- PROBLEM DESCRIPTION
Give back exactly the lines from the one holding "실사 레이스 조각 자수" to the bottom of the material, both included, and nothing more. No pictures.

*** Block opens ***

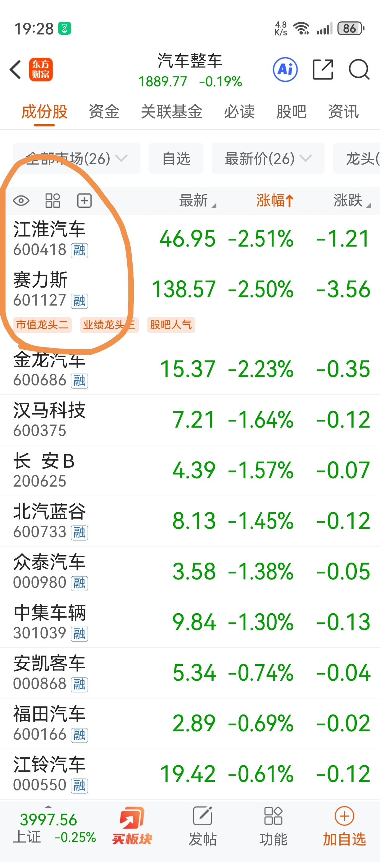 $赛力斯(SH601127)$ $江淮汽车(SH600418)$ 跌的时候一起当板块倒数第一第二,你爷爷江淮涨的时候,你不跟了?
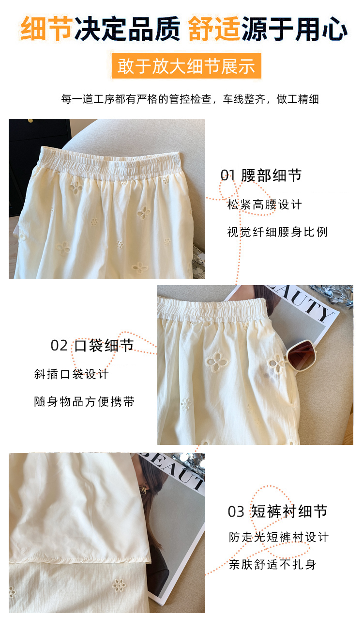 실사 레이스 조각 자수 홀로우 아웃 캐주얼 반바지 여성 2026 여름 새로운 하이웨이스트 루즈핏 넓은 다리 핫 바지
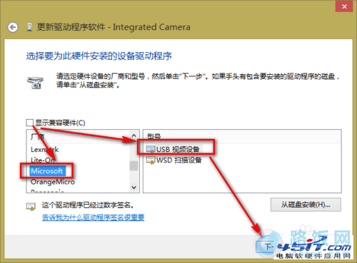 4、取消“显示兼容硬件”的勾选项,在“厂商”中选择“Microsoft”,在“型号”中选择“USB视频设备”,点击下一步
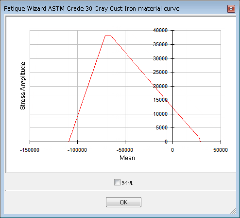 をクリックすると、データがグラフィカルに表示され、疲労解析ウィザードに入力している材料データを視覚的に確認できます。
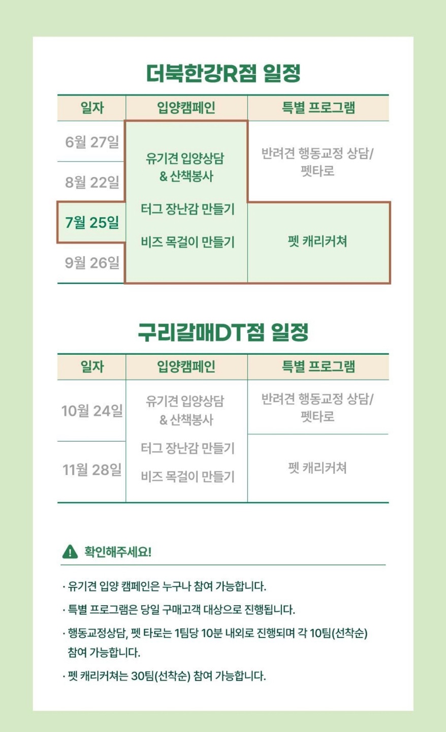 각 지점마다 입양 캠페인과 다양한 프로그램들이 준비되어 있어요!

*** Block closes ***

- SOLVED PROBLEM
 실사 레이스 조각 자수 홀로우 아웃 캐주얼 반바지 여성 2026 여름 새로운 하이웨이스트 루즈핏 넓은 다리 핫 바지
 4、取消“显示兼容硬件”的勾选项,在“厂商”中选择“Microsoft”,在“型号”中选择“USB视频设备”,点击下一步
 をクリックすると、データがグラフィカルに表示され、疲労解析ウィザードに入力している材料データを視覚的に確認できます。
 각 지점마다 입양 캠페인과 다양한 프로그램들이 준비되어 있어요!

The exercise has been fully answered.